**Task**:
Exclude images, then output the remaining data verbatim.
-- Records follows --
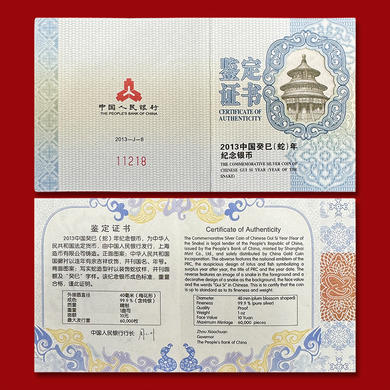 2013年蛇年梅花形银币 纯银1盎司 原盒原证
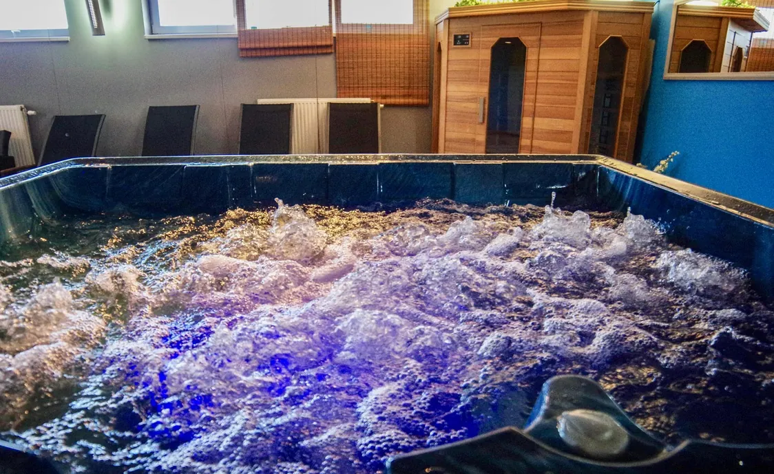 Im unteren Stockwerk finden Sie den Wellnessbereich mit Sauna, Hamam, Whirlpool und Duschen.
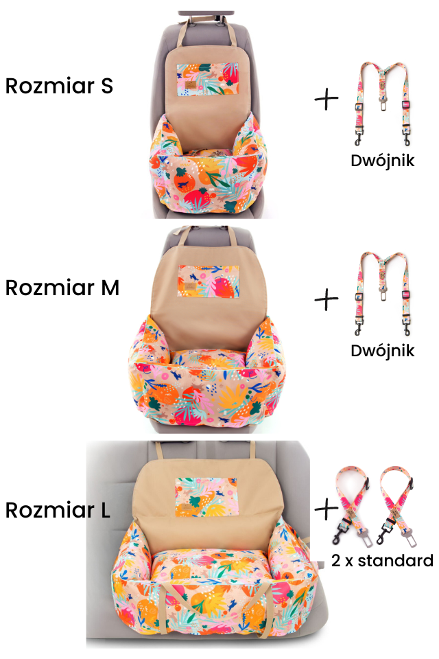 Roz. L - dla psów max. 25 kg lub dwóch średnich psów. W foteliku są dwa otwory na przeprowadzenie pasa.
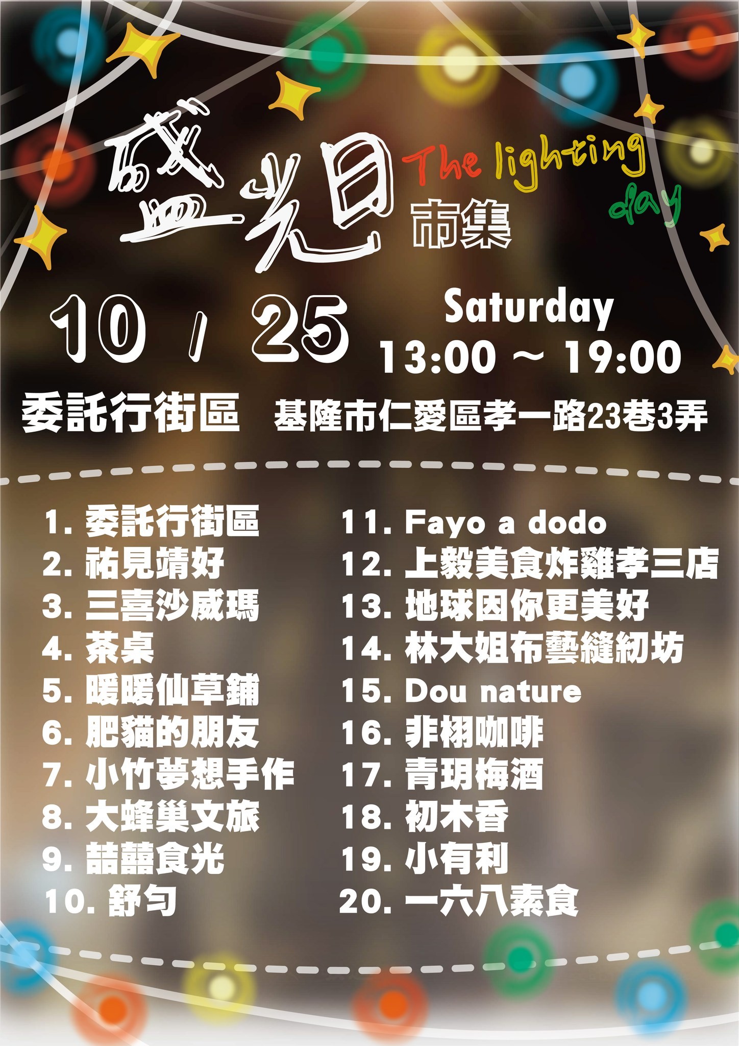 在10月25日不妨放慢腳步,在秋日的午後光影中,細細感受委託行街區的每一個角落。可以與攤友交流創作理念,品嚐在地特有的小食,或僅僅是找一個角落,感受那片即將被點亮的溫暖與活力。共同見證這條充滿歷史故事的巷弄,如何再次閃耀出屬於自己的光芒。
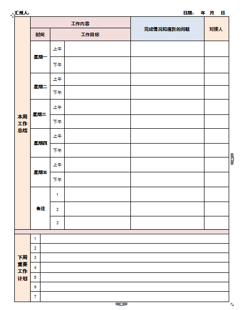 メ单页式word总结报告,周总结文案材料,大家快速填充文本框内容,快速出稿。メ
-- Records concluded --
**Task response**:
 2013年蛇年梅花形银币 纯银1盎司 原盒原证
 Im unteren Stockwerk finden Sie den Wellnessbereich mit Sauna, Hamam, Whirlpool und Duschen.
 Roz. L - dla psów max. 25 kg lub dwóch średnich psów. W foteliku są dwa otwory na przeprowadzenie pasa.
 在10月25日不妨放慢腳步,在秋日的午後光影中,細細感受委託行街區的每一個角落。可以與攤友交流創作理念,品嚐在地特有的小食,或僅僅是找一個角落,感受那片即將被點亮的溫暖與活力。共同見證這條充滿歷史故事的巷弄,如何再次閃耀出屬於自己的光芒。
 メ单页式word总结报告,周总结文案材料,大家快速填充文本框内容,快速出稿。メ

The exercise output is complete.